- **Extracted data**:
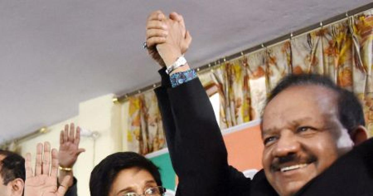 BJP Chief Minister candidate Kiran Bedi with Union minister Harsh Vardhan during election campaign at Krishna Nagar area in New Delhi on Tuesday. Photograph: Atul Yadav/PTI
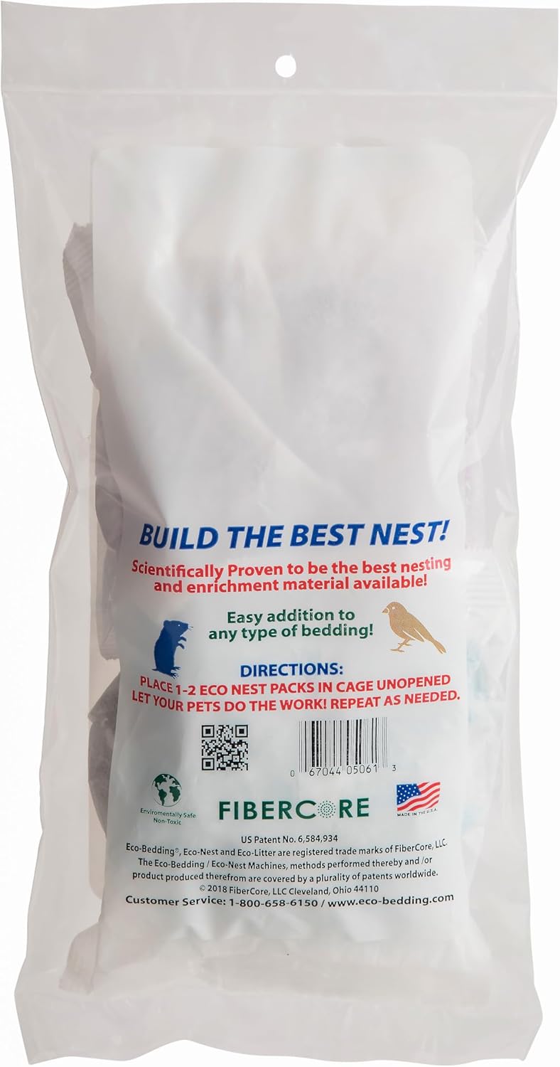 – Create your pet’s best nest with FiberCore Eco Bedding for small animals and birds. Made of recycled stock paper and free of chemicals, our pet-friendly material uses food-grade, colorfast dye that won’t stain or run. A little goes a long way to line your furry friend’s home, whether it’s a cage or breeding space. Cozy, comfy, and clean, the dust-free and absorbent bedding is a great alternative to hay, straw, wood chips, or pellets. It’s highly absorbent to help prevent bad odor, and cleanup is easy. You can also spot clean, and the soiled paper doesn’t stick. Enjoy a fresher house for yourself and your pet. In addition to providing a soft liner for tiny feet, this bedding helps promote enrichment. The interlocking crinkle paper encourages natural animal activities such as foraging, burrowing, nesting, and play. Use it for rodents, rabbits, birds, and puppies in homes, pet shops, and veterinarian offices. Place 1-2 Eco Nest Packs in cage unopened and let your pets do the work! Encourages nesting, foraging, and fun! – Eco Bedding is Forest Stewardship Council Certified*, made in the USA, and packed with care through the help of a remarkable group of adults with disabilities in Northeast Ohio.
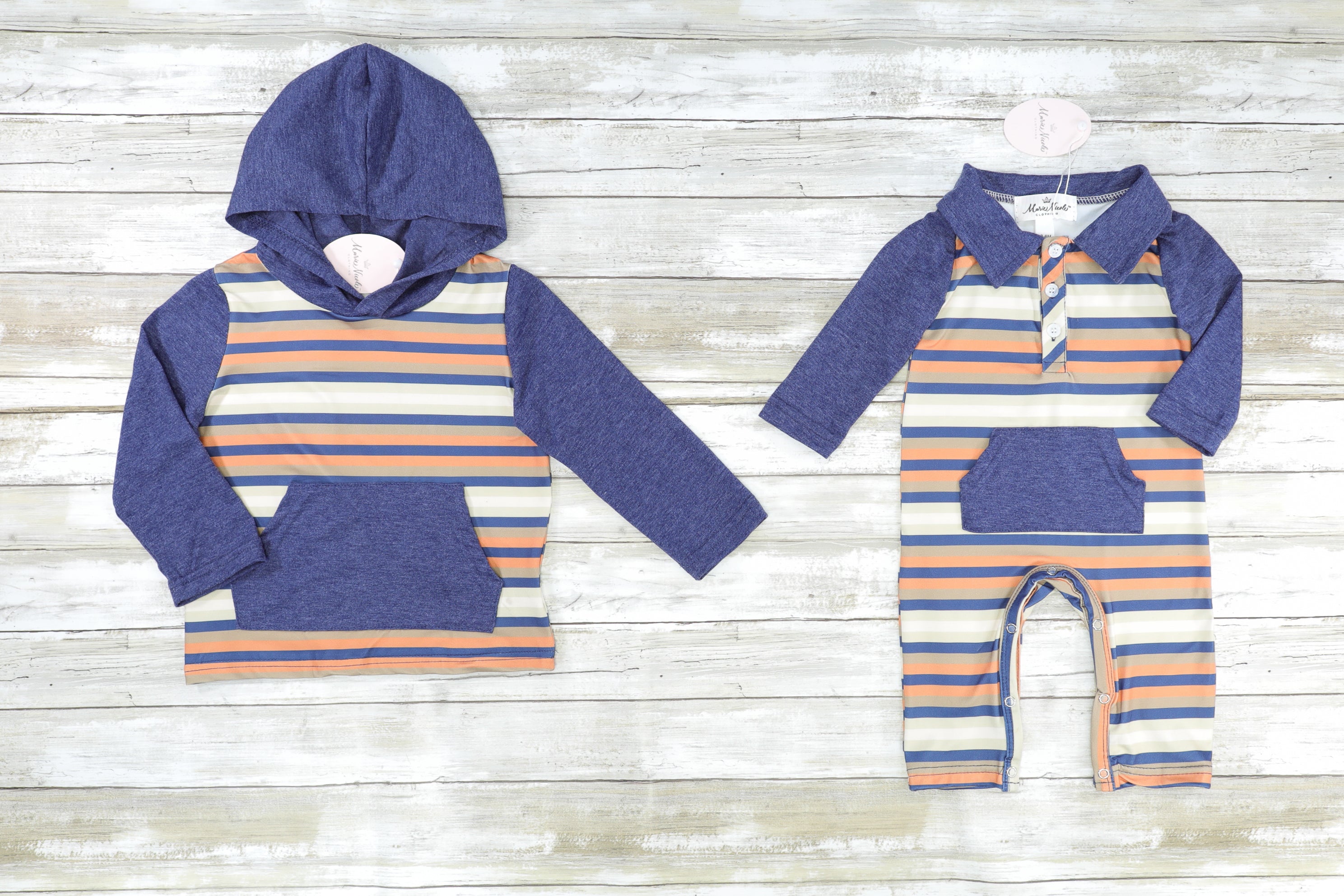 This lovely brother set is perfect for fall! This striped polo romper features navy raglan sleeves, functioning buttons, & a front pocket.
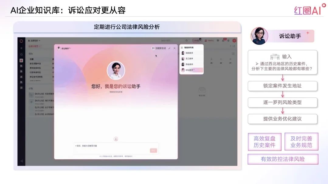 AI定期進(jìn)行公司法律風(fēng)險(xiǎn)分析,訴訟助手高效復(fù)盤歷史案件,及時(shí)完善業(yè)務(wù)規(guī)范,有效防控法律風(fēng)險(xiǎn)。
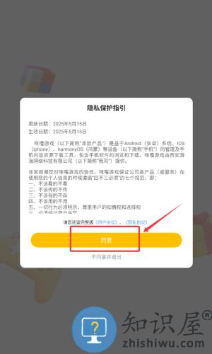 1、阅读隐私保护指引后,点击红框箭头指向的黄色同意按钮。

- **Your instructions**:
Please give a word-for-word transcript of the lines from the one holding "AI定期進(jìn)行公司法" through the final line of the entries, both ends kept, with no pictures.

- **Answer to this problem**:
 AI定期進(jìn)行公司法律風(fēng)險(xiǎn)分析,訴訟助手高效復(fù)盤歷史案件,及時(shí)完善業(yè)務(wù)規(guī)范,有效防控法律風(fēng)險(xiǎn)。
 1、阅读隐私保护指引后,点击红框箭头指向的黄色同意按钮。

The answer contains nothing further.